EXERCISE MATERIAL:
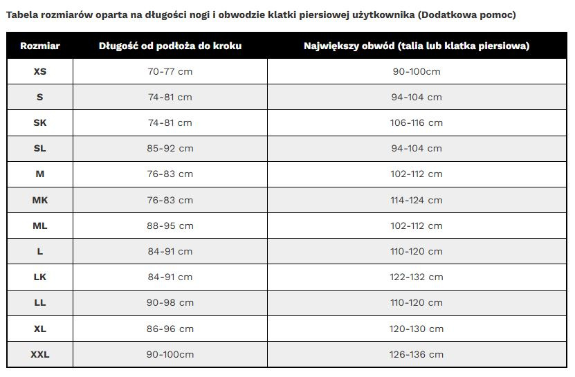 | SK | 155-165 cm | 116 cm | 65-80 kg |
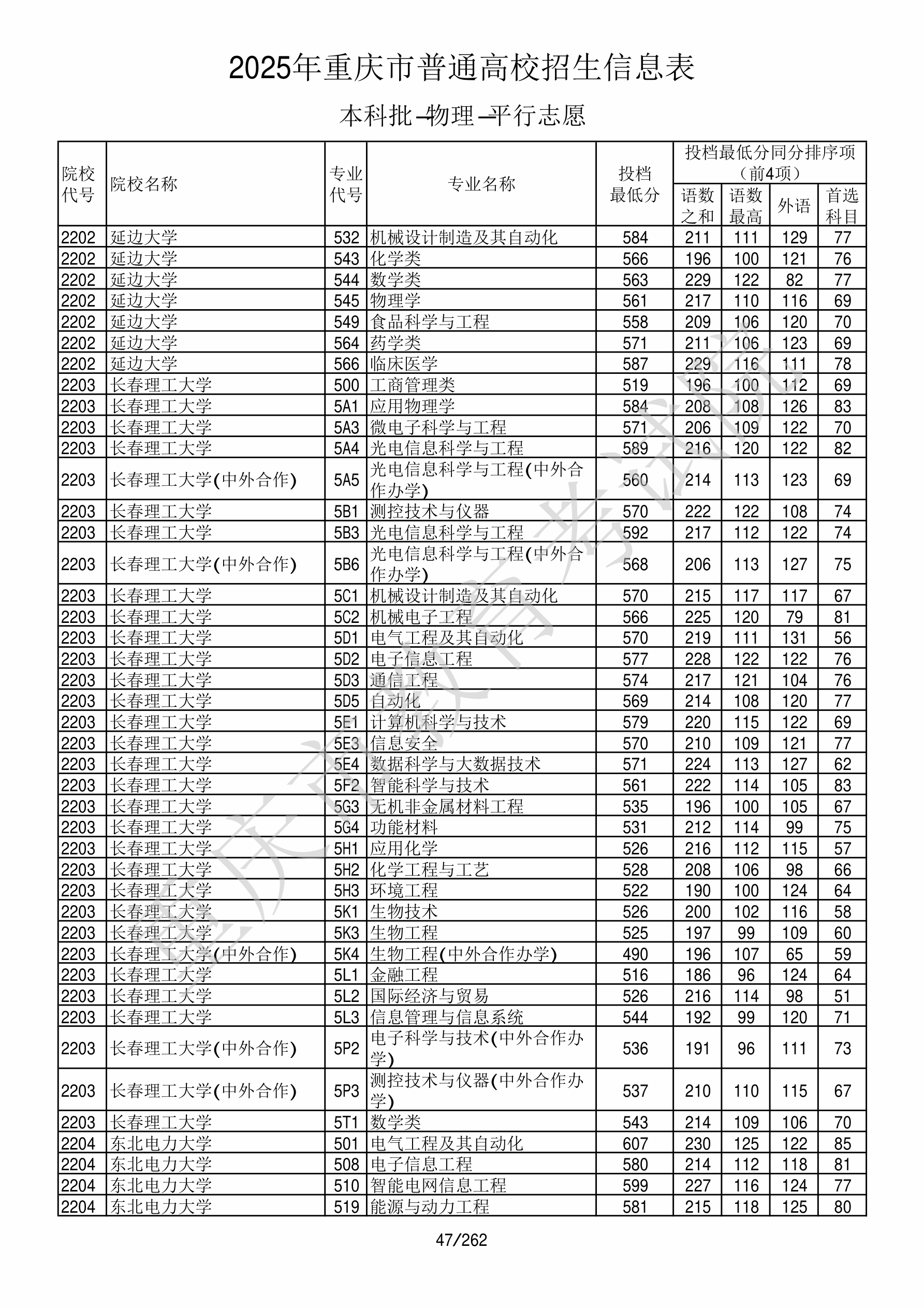 2025年重庆高考普通类本科批 长春理工大学 的 国际经济与贸易 专业录取分数溯源信息
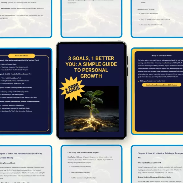 Ready to take charge of your life and become the best version of yourself? “3 Goals, 1 Better You: A Simple Guide to Personal Growth” is the perfect starting point. Whether you’re looking to improve your health, enhance your learning, or strengthen your relationships, this comprehensive guide helps you set achievable, meaningful goals that will transform your life. Download this actionable guide today and start creating the life you’ve always dreamed of!
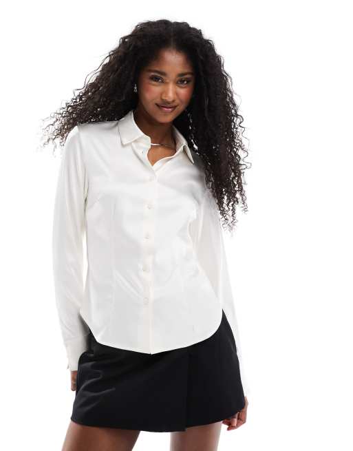 Stradivarius - Getailleerd satijnen overhemd in ecru
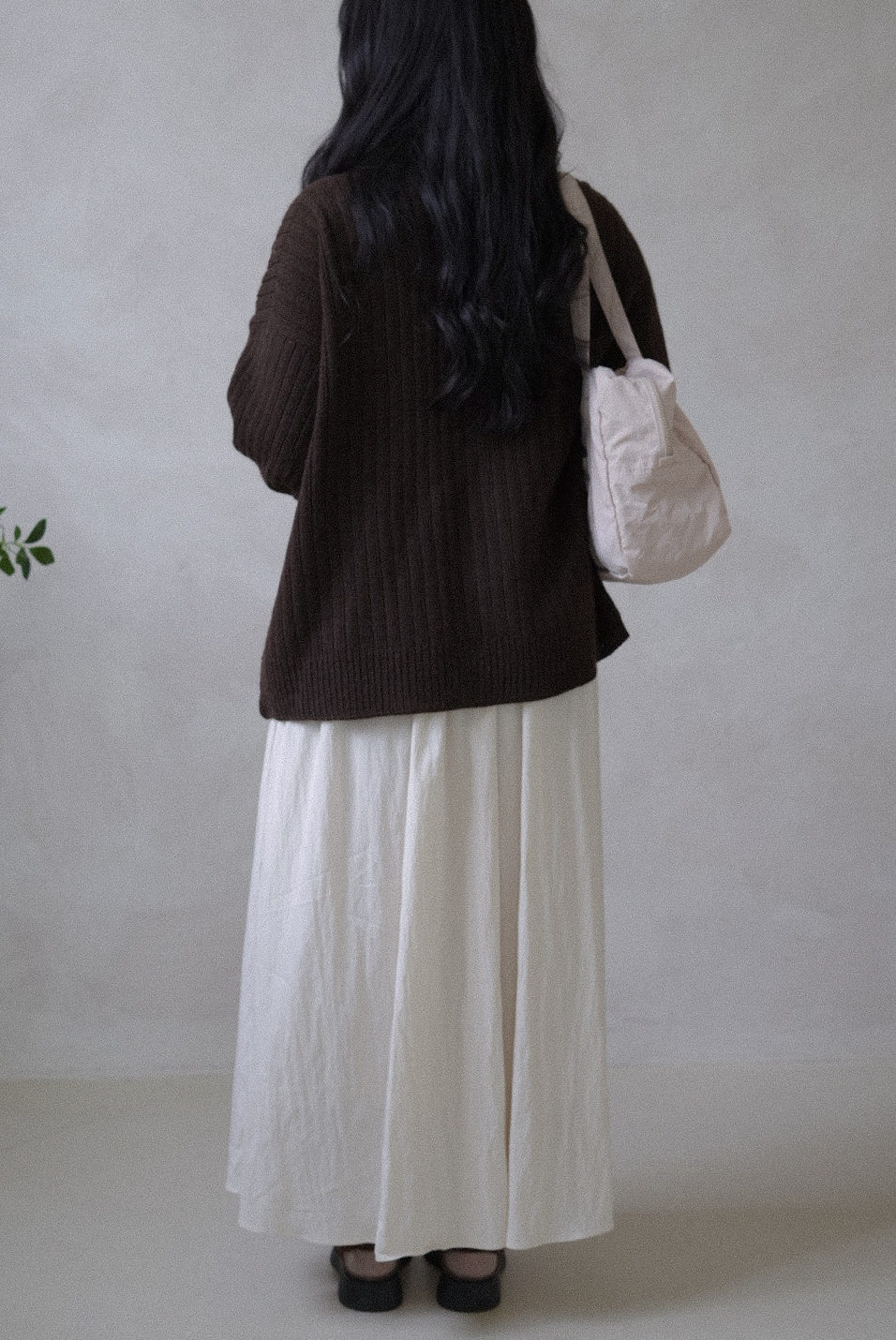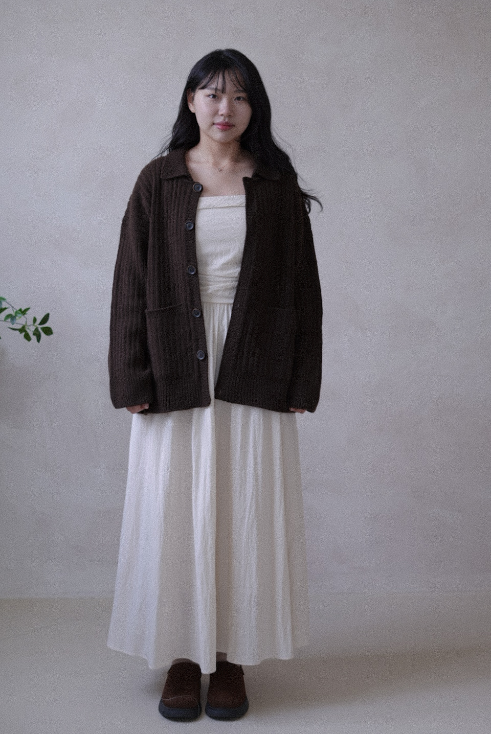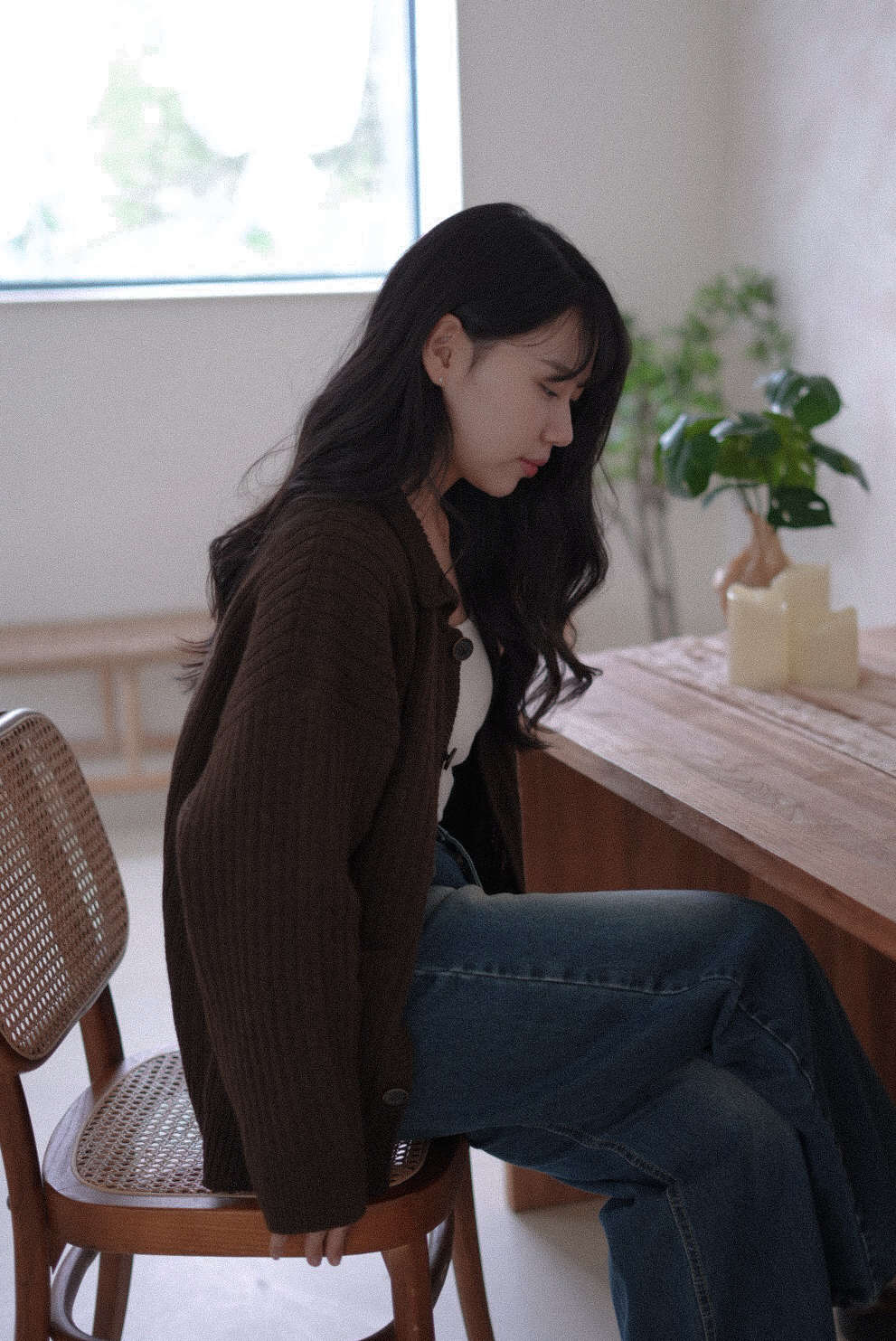 조용하지만 깊이 있는 분위기를 담아, 담백한 고무뜨기를 바탕으로 완성했어요.
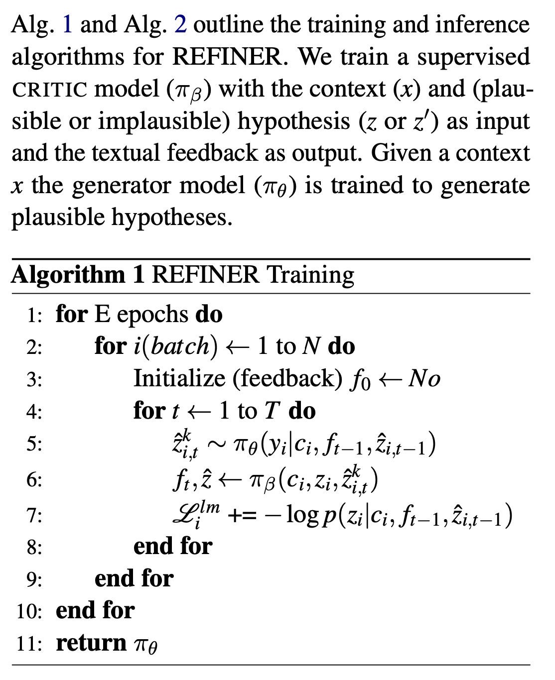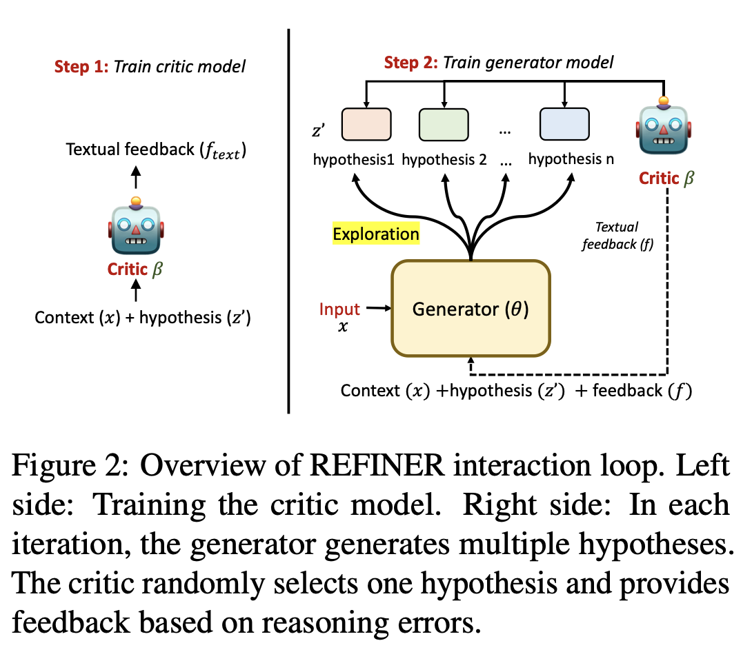 Critic model() 학습 → 입력: context() & hypothesis( or ), 출력: textual feedback
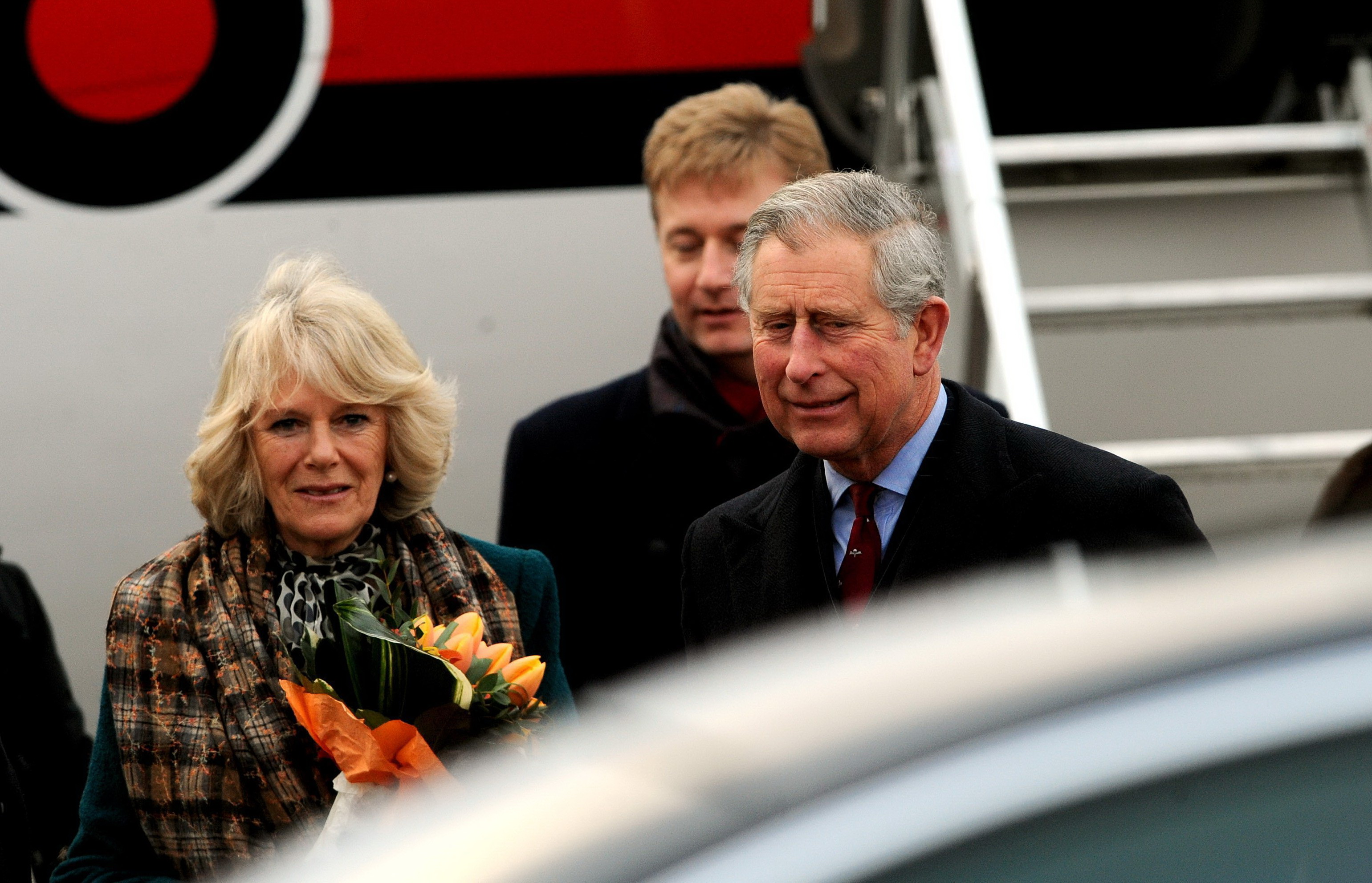 Károly walesi herceg, brit trónörökös és felesége, Camilla cornwalli hercegnő a Ferihegyi repülőtéren 2010. március 17-én
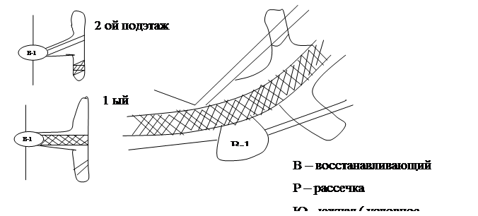 Так, по данным зарисовок горных выработок  составляется  фрагмент геологического паспорта блока.
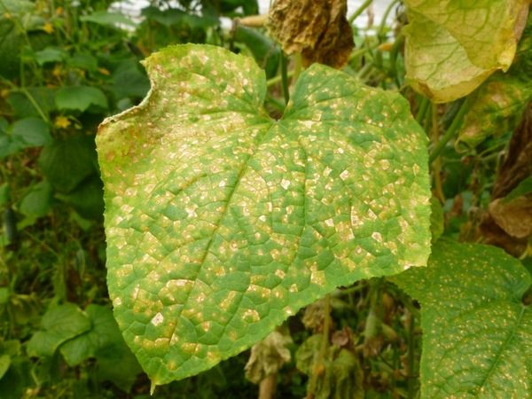 Появата на жълти петна по листата на краставиците причинява паразити, Следните признаци показват инфекция:
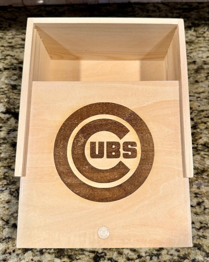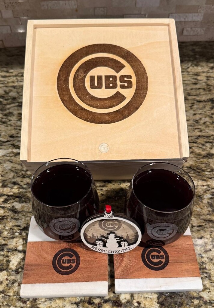 This listing is for a Chicago Cubs 6 Piece gift set. You will receive a 6 piece gift set including laser engraved box, 2 glasses, 2 marble/acacia wood coasters, and a handcrafted ornament. Boxes measure 8 x 8 x 4 and have a sliding lid with divot for easy opening. We can also make gift boxes for any team you'd like including college, NFL, High school, more. This gift is perfect for sports fans...football, basketball, baseball, hockey and more! Please contact us at 614-323-0395 or unique1sb@aol.com with questions and/or bulk orders. Just let us know your teams and we will take care of the rest! Key words - Corporate gifts, affordable gifts, Football Fan, Team gifts, laser engraved gifts, college football, NFL gifts, Hockey gift, Basketball gift, Baseball gift, Cubbies Gift, Chicago Cubs gift, Cubs baseball gift, Cubs gift

ACTIVITY:
Please print the lines exactly, from the top of the material through the line with "2025年重庆高考普通类本科批 长春理工大学 的 国际经济与贸易 专业录取分数溯源信息", and omit the pictures.

YOUR RESPONSE:
 | SK | 155-165 cm | 116 cm | 65-80 kg |
 2025年重庆高考普通类本科批 长春理工大学 的 国际经济与贸易 专业录取分数溯源信息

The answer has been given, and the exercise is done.